Learning #1: To change group behavior, mention the group that already shows the desired behavior—not the opposite. Our brain is wired to conform, regardless of the behavior.

But what about behavior change at the individual level? There are three types according to management guru Ben Tiggelaar:

1. Behavior you show rarely, like buying a house

2. Behavior you show occasionally, like cleaning your attic

3. Behavior you show frequently, like how you listen, or how you react to e-mail

The latter is ‘habitual behavior’—things we do without thought. They don’t cost energy. You drive to work each day, and you don’t need to think about how you drive. You walk to the shower each morning without thinking about it. At work, you open your laptop without thinking. Habitual behavior is the most difficult to change. But, there are ways.

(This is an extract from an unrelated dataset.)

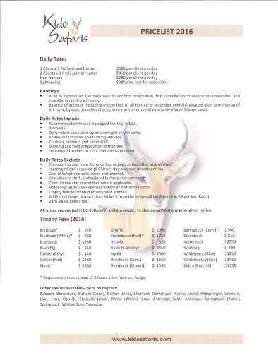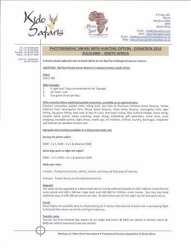 6 nights and 7 days dream photo safari with optional extra hunting at discounted daily rate.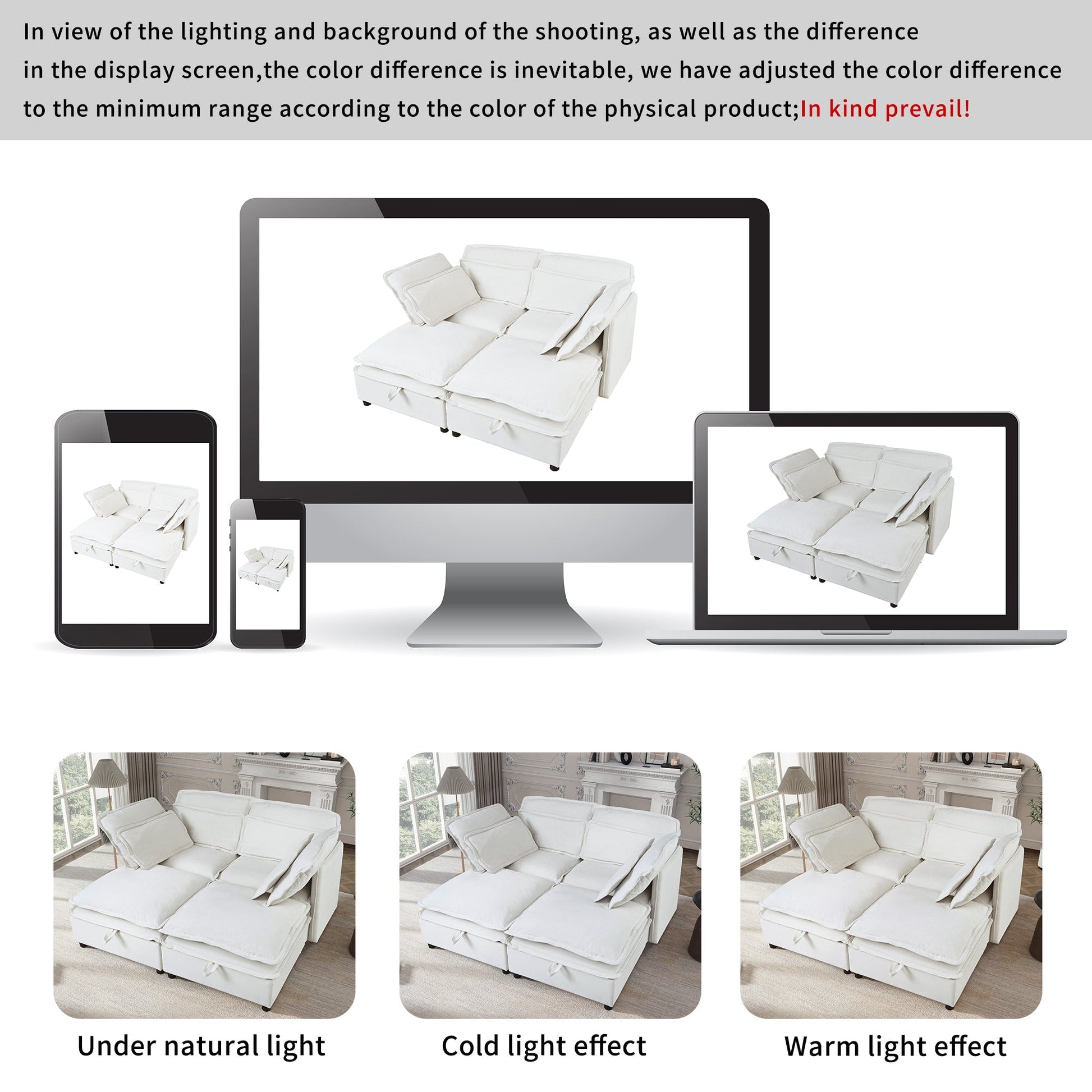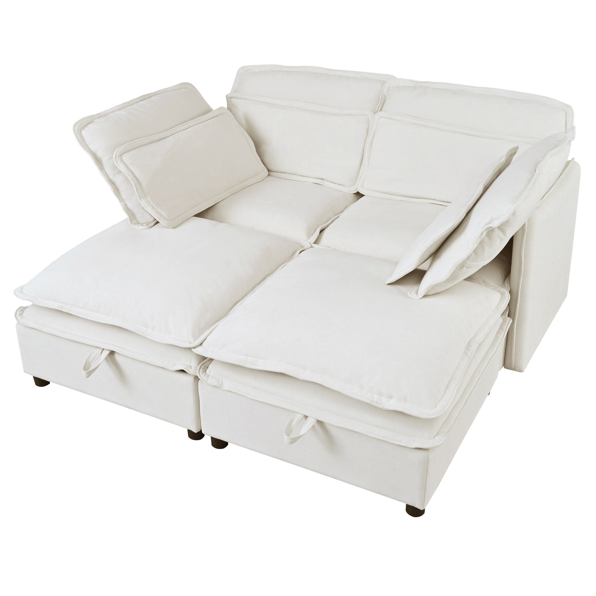 Double-Layer Cushion Modular Sofa 4-Seater with Storage Function

One method I love is ‘Tiny Habits’, from Stanford Professor BJ Fogg. First, break down your desired change into small steps, and then connect them to an existing habit. For example: “After I wake up in the morning (existing habit), I will do two push-ups (new tiny behavior).”

This makes the change easier, because it costs little or no energy. And after ~60 days it is a habit. You do it without thinking, and you can now slowly build on it.

Learning #2: To change our behavior, break the desired change into tiny habits and connect it to a current habit. It will be much easier to implement.

Together, let’s make work more fun by changing the way organizations (and people) work.